-- Provided information follows --

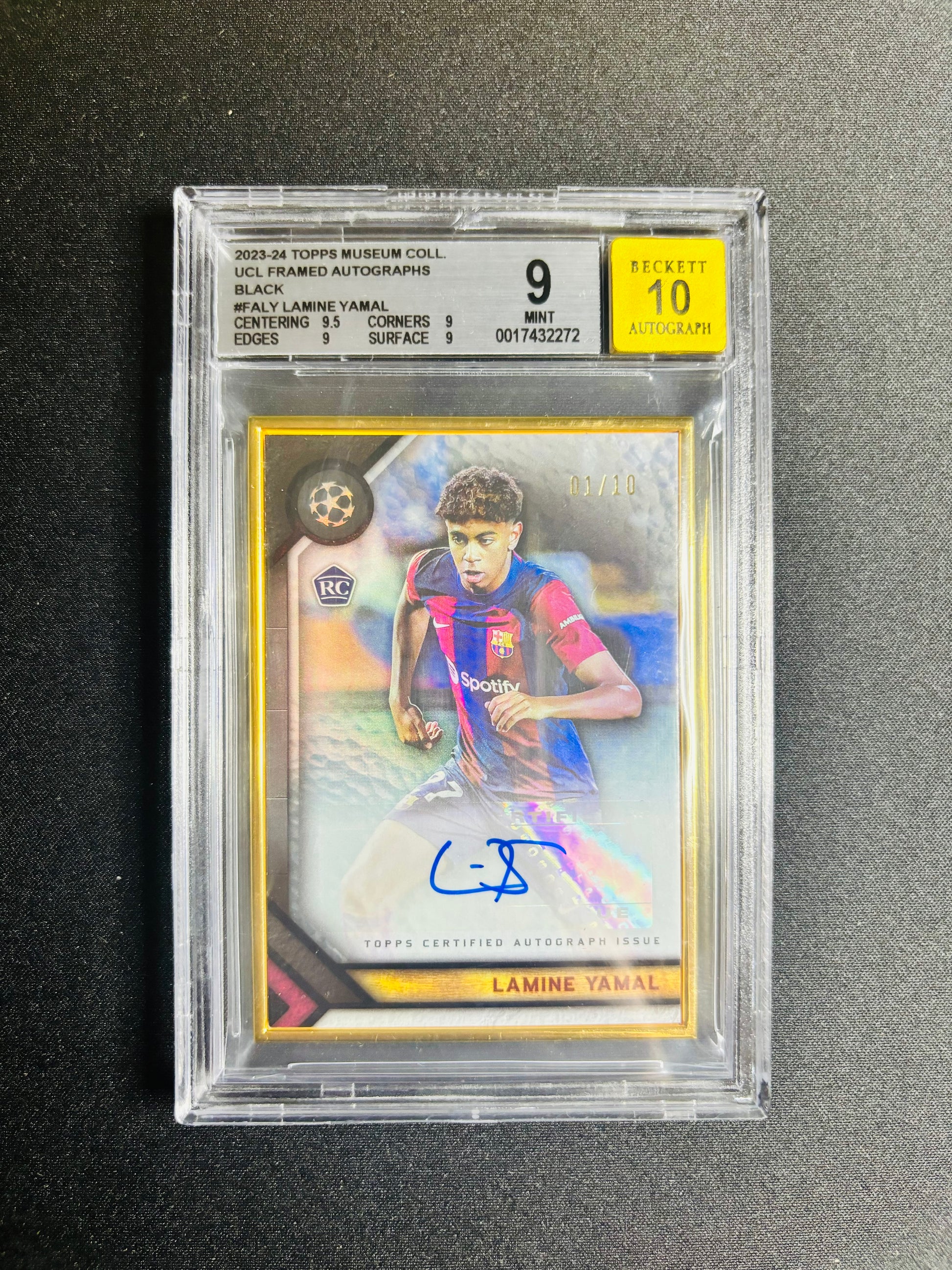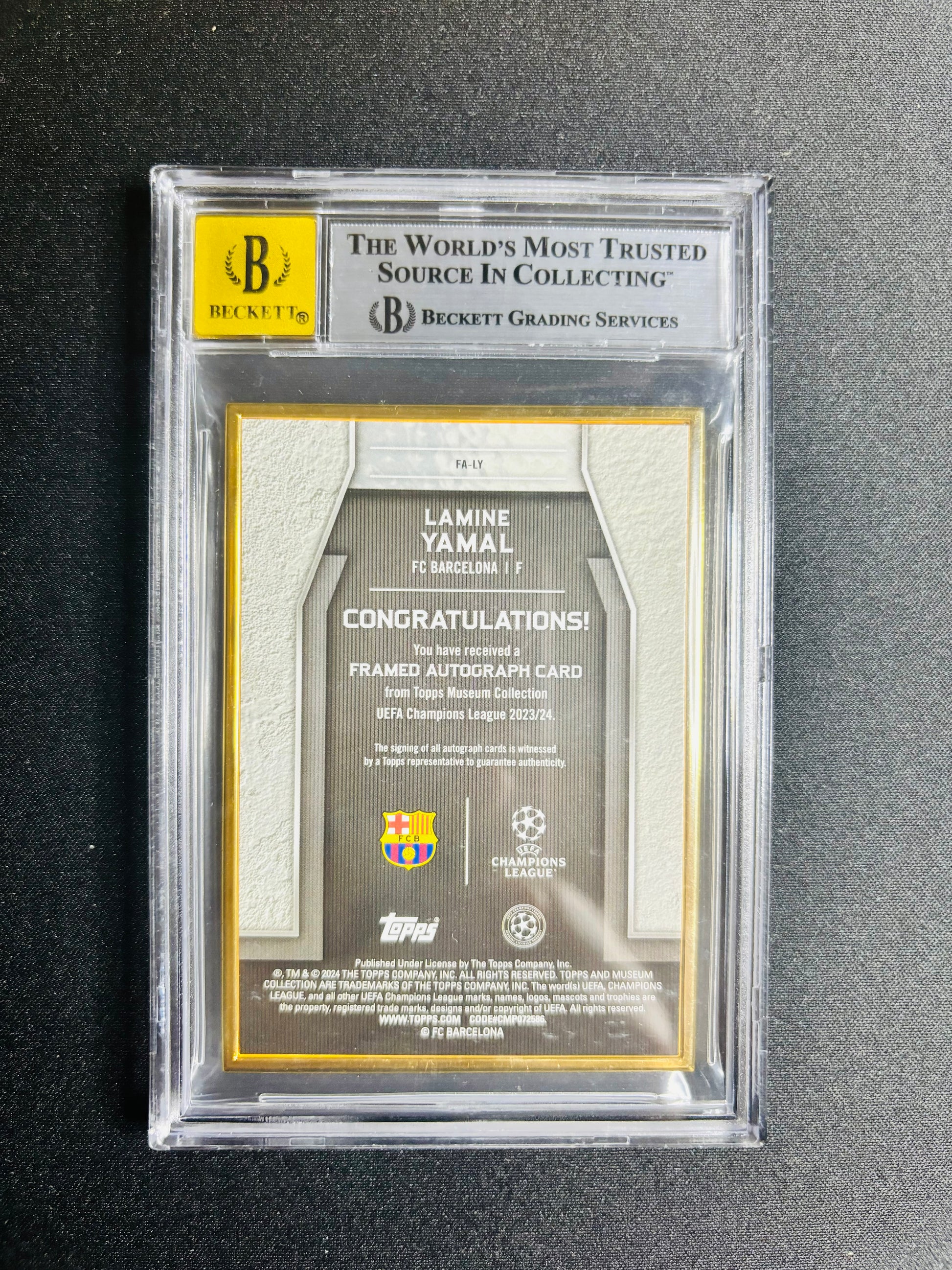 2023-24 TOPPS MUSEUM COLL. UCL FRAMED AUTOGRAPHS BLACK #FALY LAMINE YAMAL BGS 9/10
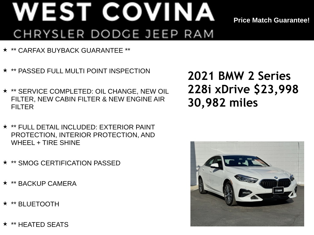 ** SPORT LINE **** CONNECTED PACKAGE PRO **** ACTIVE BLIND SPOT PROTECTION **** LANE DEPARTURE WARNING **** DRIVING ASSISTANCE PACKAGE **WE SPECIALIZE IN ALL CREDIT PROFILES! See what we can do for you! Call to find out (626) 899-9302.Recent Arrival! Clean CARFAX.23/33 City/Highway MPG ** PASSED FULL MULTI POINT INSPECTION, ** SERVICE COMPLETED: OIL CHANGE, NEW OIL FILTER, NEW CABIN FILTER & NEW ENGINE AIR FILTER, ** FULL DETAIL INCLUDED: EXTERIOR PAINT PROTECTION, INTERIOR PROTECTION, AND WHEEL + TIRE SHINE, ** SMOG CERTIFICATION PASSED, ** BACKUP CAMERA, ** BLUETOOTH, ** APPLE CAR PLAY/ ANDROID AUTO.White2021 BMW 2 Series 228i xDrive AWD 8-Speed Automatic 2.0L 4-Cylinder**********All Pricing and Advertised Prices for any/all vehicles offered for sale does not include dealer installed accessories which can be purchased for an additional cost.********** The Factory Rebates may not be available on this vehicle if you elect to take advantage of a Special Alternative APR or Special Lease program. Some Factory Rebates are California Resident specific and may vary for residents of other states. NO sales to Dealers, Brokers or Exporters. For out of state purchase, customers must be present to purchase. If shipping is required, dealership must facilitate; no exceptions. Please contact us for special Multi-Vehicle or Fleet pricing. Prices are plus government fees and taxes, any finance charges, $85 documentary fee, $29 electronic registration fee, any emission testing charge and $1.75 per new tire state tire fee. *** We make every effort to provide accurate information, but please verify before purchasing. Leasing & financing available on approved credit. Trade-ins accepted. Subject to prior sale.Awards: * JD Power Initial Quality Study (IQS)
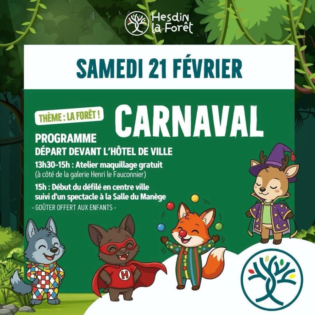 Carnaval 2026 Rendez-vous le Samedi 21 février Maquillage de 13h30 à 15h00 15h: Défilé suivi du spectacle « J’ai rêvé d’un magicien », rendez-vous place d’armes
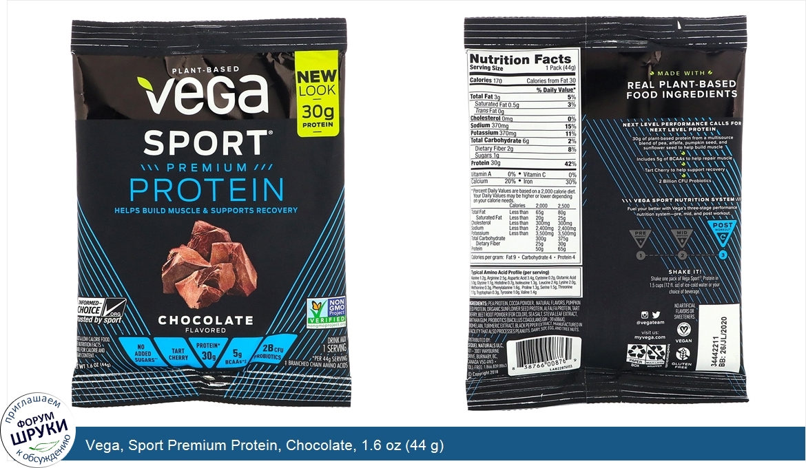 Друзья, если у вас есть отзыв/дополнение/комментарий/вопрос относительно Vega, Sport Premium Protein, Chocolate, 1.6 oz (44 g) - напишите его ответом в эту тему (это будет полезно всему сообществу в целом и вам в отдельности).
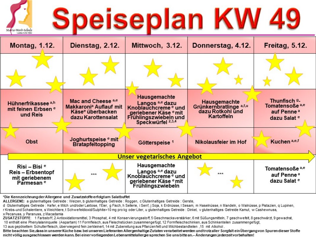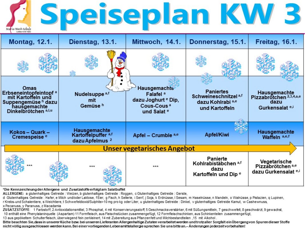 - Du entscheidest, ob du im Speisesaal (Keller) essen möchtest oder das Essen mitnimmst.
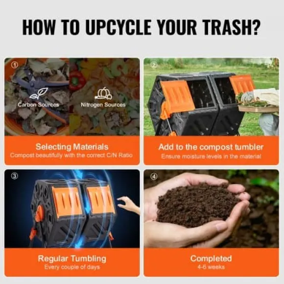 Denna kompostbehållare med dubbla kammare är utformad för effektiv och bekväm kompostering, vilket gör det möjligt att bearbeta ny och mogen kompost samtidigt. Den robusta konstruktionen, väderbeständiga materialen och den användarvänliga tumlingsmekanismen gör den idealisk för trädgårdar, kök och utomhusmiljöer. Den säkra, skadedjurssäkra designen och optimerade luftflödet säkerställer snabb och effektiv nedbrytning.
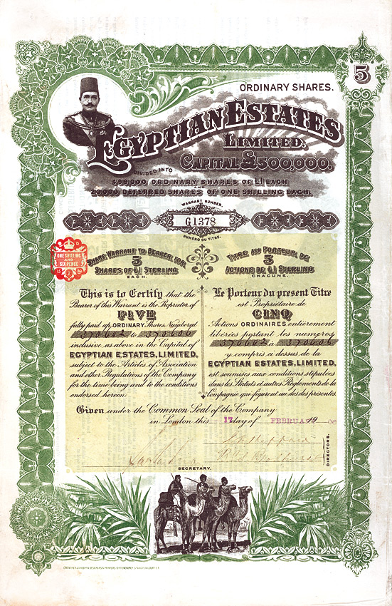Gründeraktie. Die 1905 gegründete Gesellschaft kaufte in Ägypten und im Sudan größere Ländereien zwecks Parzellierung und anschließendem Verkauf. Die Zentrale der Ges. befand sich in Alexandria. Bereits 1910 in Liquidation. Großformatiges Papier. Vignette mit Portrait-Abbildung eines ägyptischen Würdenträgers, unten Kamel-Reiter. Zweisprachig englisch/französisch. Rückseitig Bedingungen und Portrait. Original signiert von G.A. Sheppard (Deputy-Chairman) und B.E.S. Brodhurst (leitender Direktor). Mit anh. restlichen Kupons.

-- Provided information concluded --

What you have to do: Everything above from the line with "Carnaval 2026 Rendez-vous" through the line with "Denna kompostbehållare med" should be retyped exactly, and nothing else; omit pictures.

Answer space:
 Carnaval 2026 Rendez-vous le Samedi 21 février Maquillage de 13h30 à 15h00 15h: Défilé suivi du spectacle « J’ai rêvé d’un magicien », rendez-vous place d’armes
 Друзья, если у вас есть отзыв/дополнение/комментарий/вопрос относительно Vega, Sport Premium Protein, Chocolate, 1.6 oz (44 g) - напишите его ответом в эту тему (это будет полезно всему сообществу в целом и вам в отдельности).
 - Du entscheidest, ob du im Speisesaal (Keller) essen möchtest oder das Essen mitnimmst.
 Denna kompostbehållare med dubbla kammare är utformad för effektiv och bekväm kompostering, vilket gör det möjligt att bearbeta ny och mogen kompost samtidigt. Den robusta konstruktionen, väderbeständiga materialen och den användarvänliga tumlingsmekanismen gör den idealisk för trädgårdar, kök och utomhusmiljöer. Den säkra, skadedjurssäkra designen och optimerade luftflödet säkerställer snabb och effektiv nedbrytning.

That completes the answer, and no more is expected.